Mubarak Yussif (born 29 December 1995) is a Ghanaian professional footballer who plays as defender for Ghana Premier League side Asante Kotoko S.C. He previously played for Liberty Professionals and Ashanti Gold.

Club career

Liberty Professionals 
Mubarik started his career with Liberty Professionals before moving to Ashanti Gold in 2018. On 6 March 2016, he made his debut for Liberty in a 0–0 match against Wa All Stars, playing the full 90 minutes in the process. He made 20 league matches during the 2016 Ghanaian Premier League to help Liberty avoid relegation by 2 points. The following season, he established himself as a starter and played a key role during the 2017 Ghanaian Premier League season. He played in all 30 league matches to help Liberty avoid relegation and place 11th on the league table. Based on his performances, he was linked with Ashanti Gold during the transfer period, later signing for them in 2018. During his time with the club he formed a formidable defensive partnership with Samuel Sarfo.

Ashanti Gold 
In March 2018, Mubarik was signed by Obuasi-based club Ashanti Gold ahead of the 2018 Ghanaian Premier League on a 2-year deal.

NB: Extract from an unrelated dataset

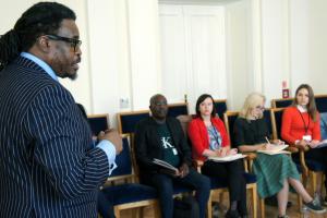 Советник БДИПЧ по борьбе с расизмом и ксенофобией Ларри Оломофе выступает на семинаре для активистов молодежных общественных организаций, Варшава, 26 сентября 2016 г.

He was seen as a direct replacement for Abeiku Ainooson and Richard Ocran who had left the club at the end of the 2017 season. He made his debut on 28 March 2018 in a 1–0 win over Karela United, coming on in the 89th minute for Godfred Asiamah. He later went on to appear on the bench in a 1–1 draw match against Bechem United on 31 March 2018, before getting injured in June 2018. He was out on the sidelines for five months, returning in September 2018, when the league had already been abandoned due to the dissolution of the GFA in June 2018, as a result of the Anas Number 12 Expose. He featured for Ashanti Gold during their 2019–20 CAF Confederation Cup campaign. During the 2019 GFA Normalization Committee Special Competition, he featured in 12 out of 13 matches to help Ashanti Gold top group B ahead of city rivals Asante Kotoko and subsequently win Tier 2 of the competition to qualify for the 2020–21 CAF Confederation Cup.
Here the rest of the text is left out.